Она закрыла футляр с кинжалом и, положив его на место, ушла.
По дороге к Детскому дому повариха внезапно подумала, как это ей пришло в голову оставить пятилетнего мальчишку в квартире одного. Но почему-то она этим обстоятельством нимало не обеспокоилась, а вдруг опять подумала о бедной Кино Владленовне…
Батый после ухода приемной матери пододвинул к шкафу табурет, встал на него и дотянулся до футляра с кинжалом. Он вскрыл футляр, полюбовался оружием как истинный ценитель и вышел в кухню. Там он забрался в холодильник и, исследовав его, обнаружил в морозильной камере замороженного петуха с гребешком на голове и закрытыми смертью глазами.
Через мгновение тушка птицы оказалась на полу, а Батый, вытащив из футляра кинжал, сделал отточенной сталью несколько круговых движений над собой, а потом неожиданно опустил оружие на мертвую птицу. Удар острия пришелся как раз в область шеи, отделив голову от птичьего тела. Удар был произведен столь умело, столь выверена была сила, что ему бы позавидовал любой мясник. Голова птицы была отсечена, а на полу не осталось и царапины!

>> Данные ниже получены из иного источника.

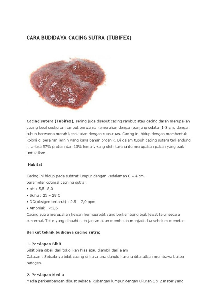 Cara Budidaya Cacing Sutra Praktis dan Menguntungkan ... from cdn.statically.io Tubifek/cacing sutra sangat cocok untuk makanan larva karena ukuranya yang sangat kecil dan mampu bertahan hidup diair selama 3hari. Cacing sutra bisa hidup di media lumpur dengan kedalaman 0 sampai 4 cm. Karena mudahnya budidaya hewan yang satu ini, membuat beberapa orang tertarik untuk mencoba melakukan tips cara budidaya cacing sutra sederhana. Cara panen cacing sutra panen cacing sutra. 6 cara budidaya cacing sutra paling mudah. Cacing sutra banyak dicari orang karena memiliki banyak sekali manfaat, terutama bagi para peternak. Tampaknya jenis budidaya ini memang aneh, bahkan banyak yang menganggap bahwa cacing yang satu ini tidak terlalu menguntungkan. Cara memilih indukan cacing sutra berkualitas.
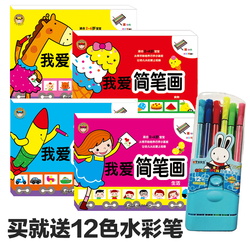 宝宝涂色画书我爱简笔画 2-6岁 幼儿涂色书儿童简笔画二合一四册

Батый хмыкнул. Он отложил оружие, лег на кровать и заснул.
Во время сна он рос и его мускулы наливались силой…
Первым домой вернулся Дато. Он оставил в прихожей свой чемоданчик со слесарным инструментом, разделся и, пройдя в комнату, обнаружил растаявшую тушку петуха с отсеченной головой и кинжал, лежавший рядом.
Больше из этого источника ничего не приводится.